Я видел, что Иосиф устал. Мне ведь уже исполнилось семь лет, а он нес меня уже довольно долго. Я попросил, чтобы он опустил меня на землю.
Клеопу снова охватила лихорадка, но он — да, он смеялся, на этот раз от счастья. Он просил воды. И сказал, что ему необходимо искупаться, а тетя Мария ответила, что пока нельзя. Женщины решили, что нужно немедленно уложить его в постель.
Тетя чуть не плакала от беспокойства за Клеопу, и Маленький Симеон вдруг захныкал, поэтому я попытался взять его на руки. Малыш оказался слишком тяжел для меня, и его забрал Иаков.
Мы шли и шли по узким улицам.
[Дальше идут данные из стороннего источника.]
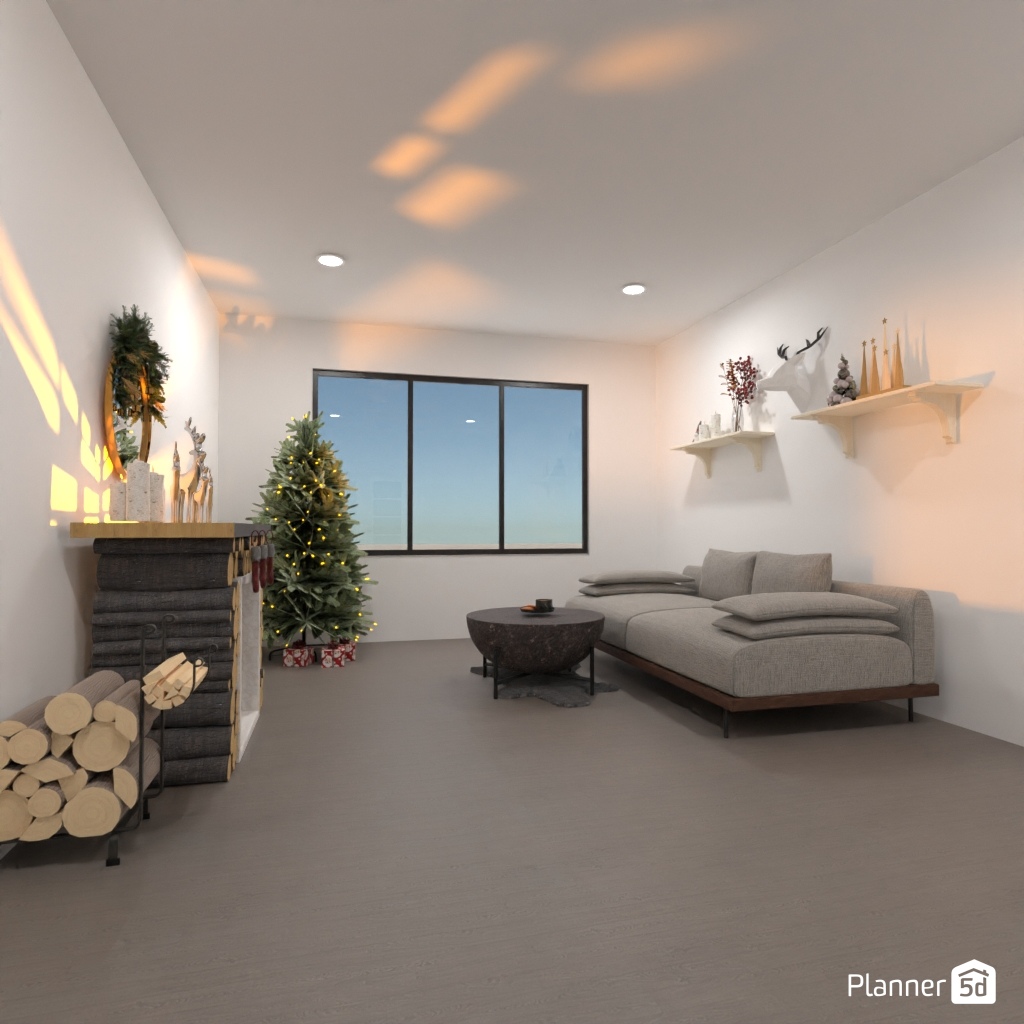 Create a festive living room interior for Christmas.

Такие улицы вполне могли быть и в Александрии, только здесь скопилось гораздо больше народу. Мы с Маленькой Саломеей смеялись по поводу того, что, мол, в Иерусалиме собрался весь свет — действительно, повсюду раздавалась быстрая речь, громкие голоса, многие говорили по-гречески, но некоторые паломники говорили на иврите, да, люди говорили на иврите, однако чаще всего я слышал арамейскую речь.
Когда мы пришли к синагоге — большому трехэтажному строению, то узнали, что места больше не осталось. Только мы развернулись, чтобы отправиться на поиски синагоги александрийцев, как мама увидела своего родича, Зебедея, и его жену, и его детей, и они все бросились к ней с объятиями и поцелуями и стали настаивать, чтобы мы пошли с ними и разделили место, выделенное им на крыше. Там уже ждали нас другие родственники.
Жена Зебедея звалась Мария Александра, она была двоюродной сестрой моей мамы, но ее всегда звали Марией, как маму и как мою тетю Марию, которая вышла замуж за маминого брата Клеопу. И когда эти три женщины обнялись и поцеловались, они воскликнули: «Три Марии!» — и одно это сделало их совершенно счастливыми, не говоря уже обо всем остальном.
Иосиф остался, чтобы заплатить за ночлег, а мы пошли вслед за Зебедеем и его семьей. Вместе с ним здесь были его братья, также с женами и детьми. Сначала мы пересекли двор, где паломники привязывали на ночь ослов и поили и кормили животных, а потом вскарабкались по лестнице. Мужчины несли Клеопу на руках, и он опять смеялся, на этот раз от неловкости.
На крыше нас приветствовала многочисленная родня.
Среди всех выделялась одна старая женщина, которая сразу протянула руки к моей маме.
— Елизавета! — воскликнула мама.
Это имя я хорошо знал. И помнил, как зовут сына Елизаветы — Иоанн.
Мама упала в объятия старой женщины. После слез и первых вопросов настала моя очередь знакомиться с Елизаветой и ее сыном. Иоанн оказался молчаливым мальчиком примерно моих лет.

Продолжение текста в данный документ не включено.